Further more, I would bet that the flaw(s) introduced by the bullet would not be what caused it to fail, I would bet that pre-existing flaws near the bullets point of impact would be vastly expanded. Worse yet, the alumina tile might even bounce the bullet off instead of just stop it.
Maybe the news is the simplicity and low cost? Too bad that didn't make it into the news then.
Either way it sounds like it's nothing but a press release for a non-large company that's really happy that they might picked up as a contractor for the Department of Defence.
Yawn. Already, we've given it more consideration that it deserves.
--Jimmy has fancy plans; and pants to match.
What? We Americans take international standards very seriously ... so long as they're ANSI compliant ;o)
If this material has useful properties for hardness, tensile strength, energy absorption, etc., Automakers might find it very useful.
Auto Glass is very expensive. A typical (American) Ford Escort with a relatively small windshild will cost about $500.00 while larger windshilds Can cost over $1000.00 (Pontiac Transport Minivan).
If auto windshilds alone could be replaced by this material, not only would it add torsional rigidity (reduction of twist) to the vehicle frame, but it may add visibility.
A-Pillars could be replaced by this material making a wider field of vision.
If I remember correctly, Scotty showed off this stuff in Star Trek IV (The Journey Home)...
It's about time someone got it right!! So we're only about 20 years behind... o well
CoyboyNeal is God
well, if they made the jello though but not hard, it would reflect the bullets. not that bad.
actually, the term "overpopulation" is a reference to the ratio of people to natural resources, not a direct ratio of people to land area. The reason that Manhattan and other places not in the third world are not refered to as overpopulated is due to the fact that in comparison, the vast majority of people in Manhattan eat every day, at least once. Don't get me wrong, I live in Manhattan and am completely aware of the homeless situation, but the magority of people are not starving to death. And even in the "overpopulated third world" it is not the entire county that is lacking natural resouces (most of the time) but isolated areas were people are starving.
Logan ~~Nothing Nothing, Tralala?
>> even billions if the practice really takes off
>> in the overpopulated 3rd world
>
> Why is it that the 3rd world is always thought
> of as "overpopulated"?
Overpopulated in the sense that they don't keep up with food production. That is more a government issue, though, as in too much government.
> Is the problem really too many brown people?
Absolutely not. There aren't enough people on the planet, the more the better. Just keep a strongarm government that "knows what's best" out of it.
"All representatives are busy.
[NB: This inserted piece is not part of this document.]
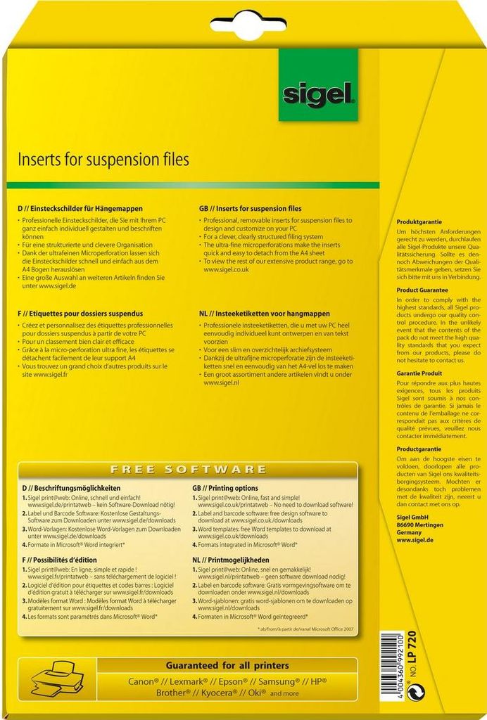 Sigel LP720 - Hängeordneretiketten - 156 Stck. |
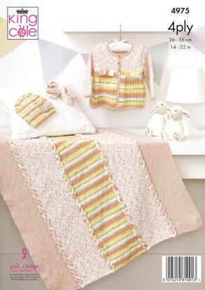 Jacket, Hat, Shoes and Blanket in King Cole Big Value Baby 4Ply - 4975 - Downloadable PDF

The estimated hold time is one..hundred..sixty..four..minutes." Detroit Edison, 02/01/02
At least AFAICS, the age of Genesis -- which depicts a barbaric semi-neolithic nomadic tribe roaming the deserts of the Middle East, making up stories about how their God requires them to bash in the heads of all the *other* barbaric semi-neolithic tribes, nomadic or not, that they meet (ironically, one of the earliest parallels to the Master Race teachings of the Nazis; OK, so call Godwin on me if you want) -- I'd say that age qualifies pretty damn well to be called "dark".